(TASK ITEM) Set down only the lines from the one containing "За ненадлежащее исполнение" through the final line of the entries below, exactly as they stand, with no pictures.

[Start of section]

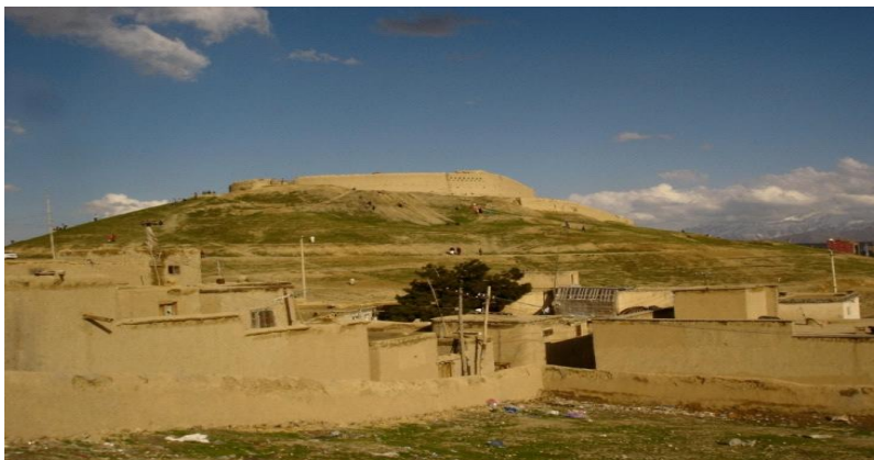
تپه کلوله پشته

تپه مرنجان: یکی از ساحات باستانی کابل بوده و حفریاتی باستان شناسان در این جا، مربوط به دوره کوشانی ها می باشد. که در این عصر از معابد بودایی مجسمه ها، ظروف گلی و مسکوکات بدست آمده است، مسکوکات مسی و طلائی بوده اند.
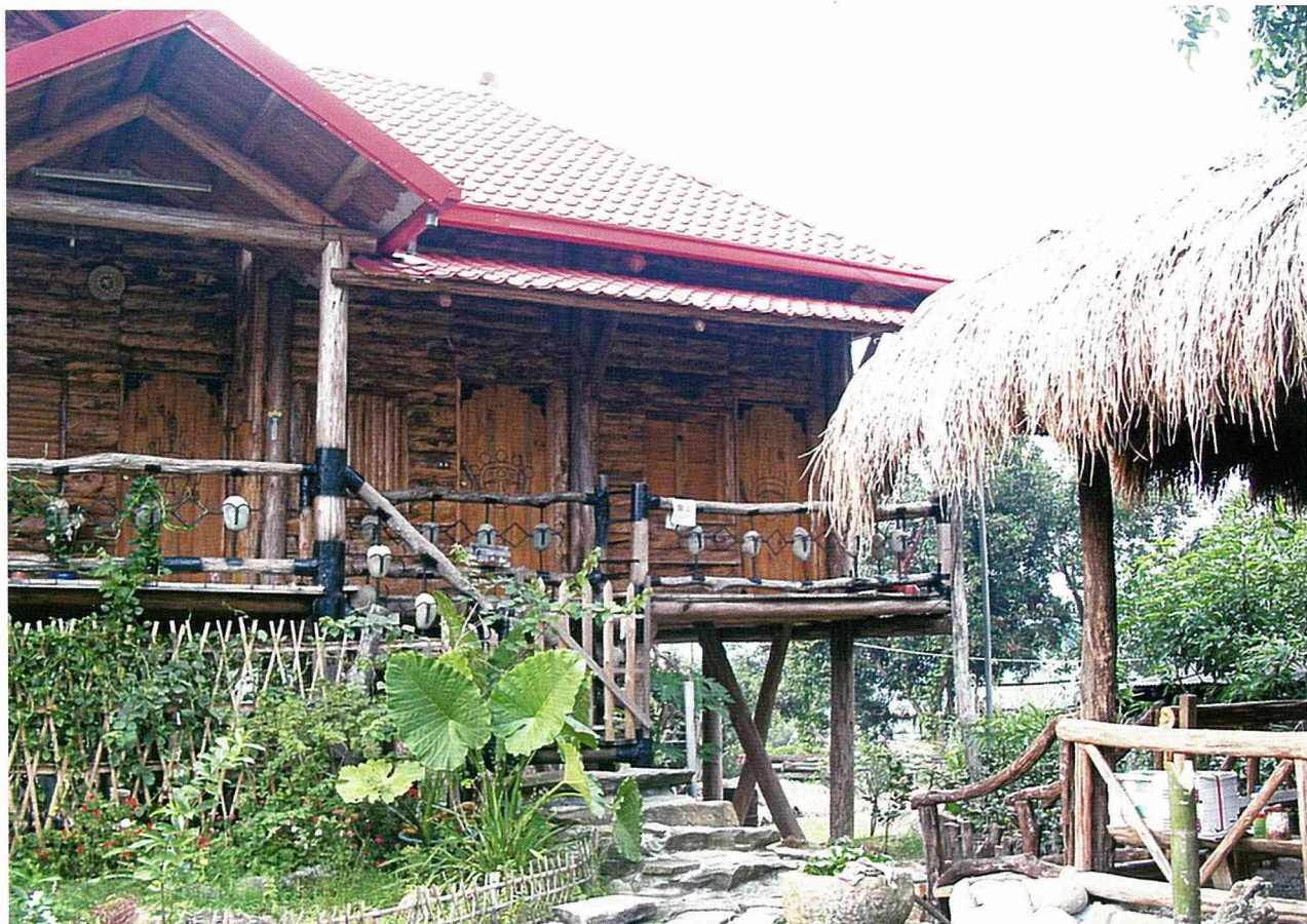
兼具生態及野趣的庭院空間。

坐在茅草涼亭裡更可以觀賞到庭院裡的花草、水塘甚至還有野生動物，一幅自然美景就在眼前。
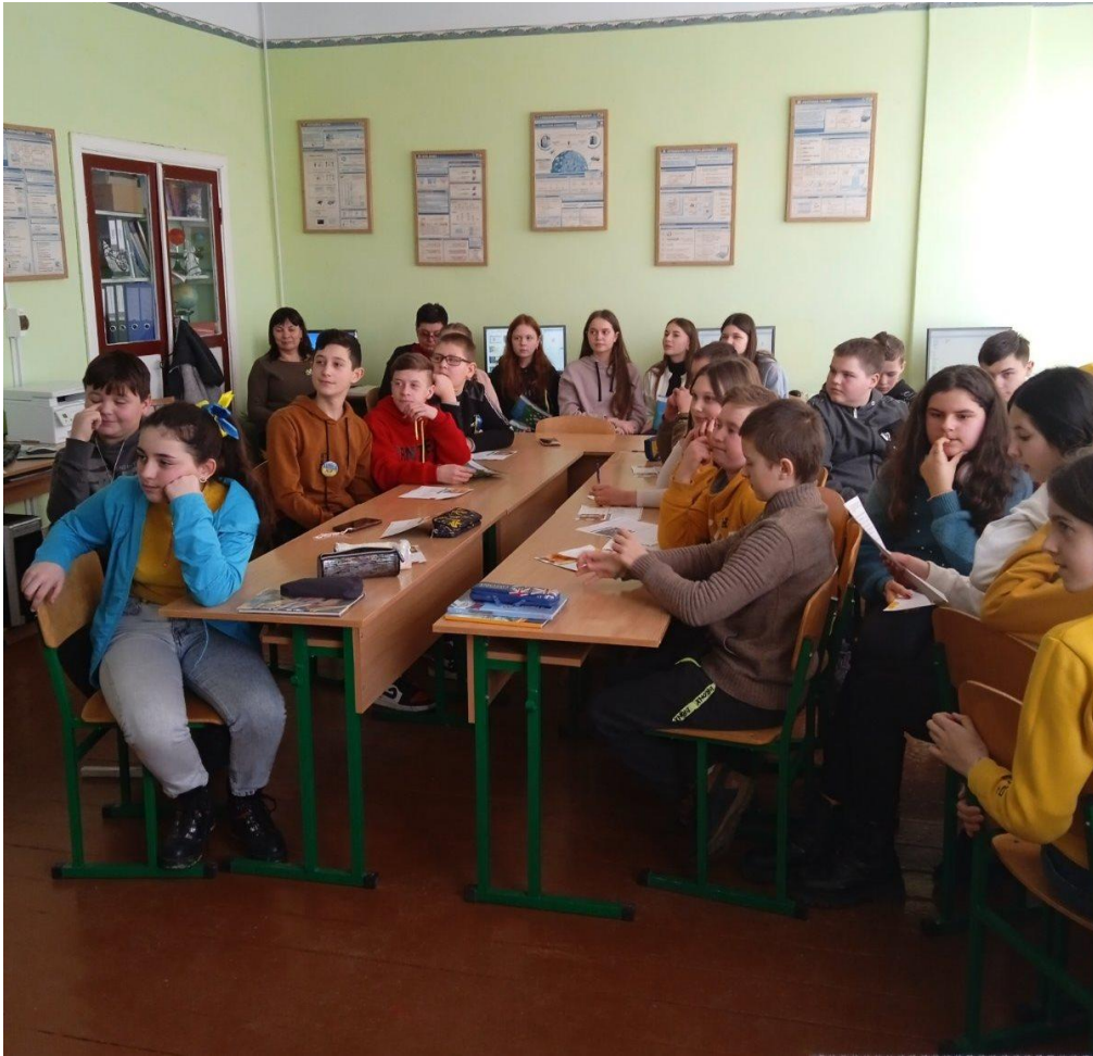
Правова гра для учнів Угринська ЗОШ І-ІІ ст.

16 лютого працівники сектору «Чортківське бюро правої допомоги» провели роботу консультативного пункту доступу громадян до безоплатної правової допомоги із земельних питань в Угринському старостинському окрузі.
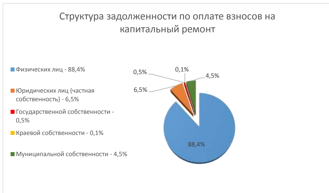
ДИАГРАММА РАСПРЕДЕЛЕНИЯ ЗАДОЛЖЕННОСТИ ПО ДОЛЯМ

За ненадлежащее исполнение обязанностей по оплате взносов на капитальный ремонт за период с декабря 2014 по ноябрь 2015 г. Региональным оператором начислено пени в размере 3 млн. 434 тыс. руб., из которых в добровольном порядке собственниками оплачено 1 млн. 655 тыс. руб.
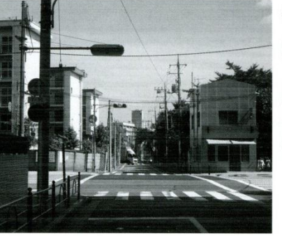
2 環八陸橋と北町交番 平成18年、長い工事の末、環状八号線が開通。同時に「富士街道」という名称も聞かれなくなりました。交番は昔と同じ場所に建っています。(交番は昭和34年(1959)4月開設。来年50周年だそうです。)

[End of section]

(EXPECTED ANSWER)
За ненадлежащее исполнение обязанностей по оплате взносов на капитальный ремонт за период с декабря 2014 по ноябрь 2015 г. Региональным оператором начислено пени в размере 3 млн. 434 тыс. руб., из которых в добровольном порядке собственниками оплачено 1 млн. 655 тыс. руб.
2 環八陸橋と北町交番 平成18年、長い工事の末、環状八号線が開通。同時に「富士街道」という名称も聞かれなくなりました。交番は昔と同じ場所に建っています。(交番は昭和34年(1959)4月開設。来年50周年だそうです。)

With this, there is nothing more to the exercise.